Supplied material.

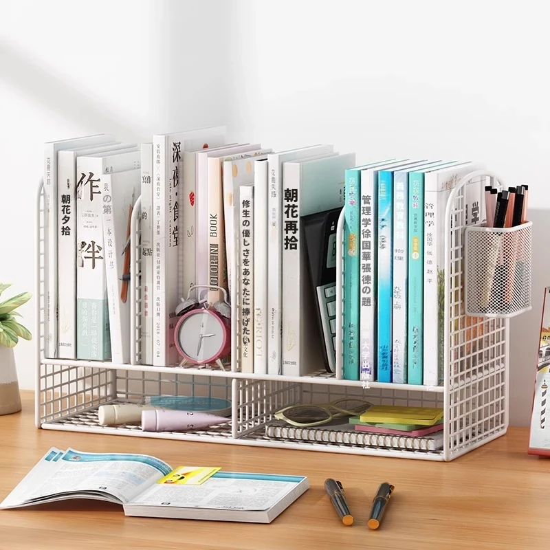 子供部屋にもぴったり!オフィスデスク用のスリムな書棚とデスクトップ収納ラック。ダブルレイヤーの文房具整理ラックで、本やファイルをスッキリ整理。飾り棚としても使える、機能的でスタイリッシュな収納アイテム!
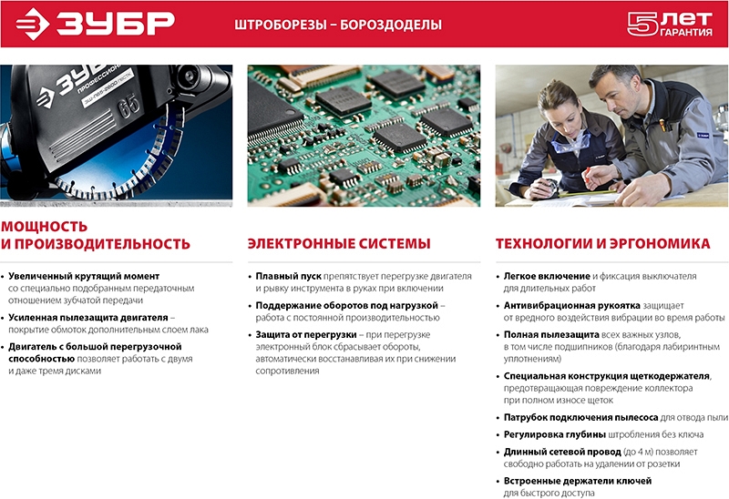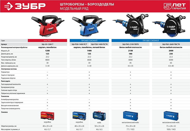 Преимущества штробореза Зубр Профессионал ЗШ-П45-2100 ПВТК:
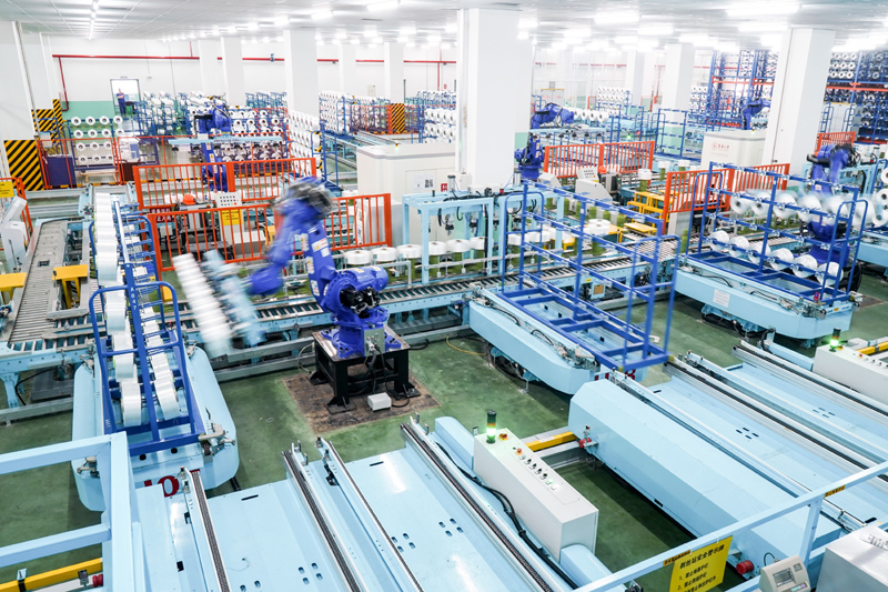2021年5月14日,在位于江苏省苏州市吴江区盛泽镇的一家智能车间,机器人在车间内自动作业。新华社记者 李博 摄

What the task asks. Please transcribe the listing above verbatim and exclude every picture.

Result of this exercise.
 子供部屋にもぴったり!オフィスデスク用のスリムな書棚とデスクトップ収納ラック。ダブルレイヤーの文房具整理ラックで、本やファイルをスッキリ整理。飾り棚としても使える、機能的でスタイリッシュな収納アイテム!
 Преимущества штробореза Зубр Профессионал ЗШ-П45-2100 ПВТК:
2021年5月14日,在位于江苏省苏州市吴江区盛泽镇的一家智能车间,机器人在车间内自动作业。新华社记者 李博 摄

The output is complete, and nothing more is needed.